As markets have moved upward from the abyss of the Great Recession, and consumer confidence grows, people are traveling in record numbers. With less emphasis on acquiring stuff and a desire to instead have more “experiences,” tourism is booming.
Living on a small island that is also a very attractive place to visit, we see the impact daily. Tourism in Hawaii accounts for over half of the state’s GDP, with over 9 million visitors spending nearly $17 billion in 2017. Kauai had 1.7 million visitors, so, averagely speaking, there are 20,000 visitors on any given day and many more in peak periods. The permanent resident population is app. 70,000.
A question we are often asked: “What’s the best time to come to (Hawaii / Kauai)?” Until recently, we thought we had a good answer. Any time other than the peak visitor periods, and probably good to avoid August and September when it can be uncomfortably warm and humid.
Well, there was no historic lull in visitors in February. In addition to U.S. and Canada visitors, I hear more European and Asian languages, and lots of Aussie and Kiwi accents. Airlines have added more flights from the mainland and Asia. Most days it feels like there are more rental cars on the single road that traverses 3/4s of the island than local vehicles. Parking at popular beaches means arriving early in the day or waiting a long time, hoping for a space. Thanks to social media, even the more obscure beaches and trails are usually besieged with rental cars.
So it appears that in 2017 and going into this year, there will be no real off-peak times. How this impacts the quality of life for residents and the experience for visitors is a growing discussion topic. Congestion is one issue. Staffing to serve a growing number of visitors is another issue. With a 2% unemployment rate and a limited labor force, help wanted signs are everywhere. Peripheral issues like a growing waste stream become a big deal on a small island.

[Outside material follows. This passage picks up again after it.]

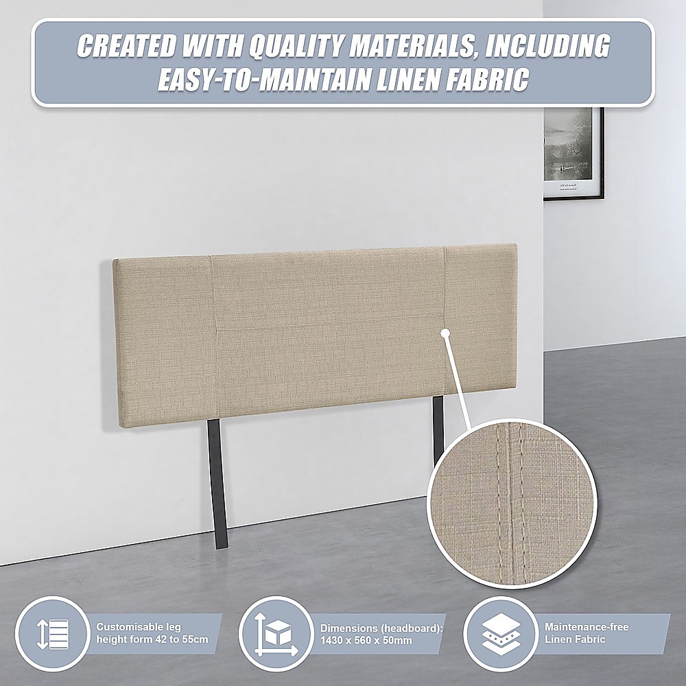 Linen Fabric Double Bed Headboard Bedhead – Beige

Kauai is not the only island dealing with these challenges. An advanced reservation is required to see the sunrise over Haleakala on Maui. Hanauma Bay State Park on Oahu controls access and closes each Tuesday to give the fish a break from 3000 daily visitors. Limiting daily access to some Kauai beaches is a recurring topic.
Some folks have conjectured that the storms that pummeled the Caribbean have temporarily pushed more visitors to Hawaii. Maybe. But then Hawaiian Airlines just ordered up to 20 Boeing 787 Dreamliners to add capacity so a significant decline in tourist activity does not seem likely.
We enjoy showing guests this unique and beautiful island and giving them a little taste of island life. We want everyone to have the same great experience that we have enjoyed as visitors and residents. But how much of a good thing is too much is a growing concern.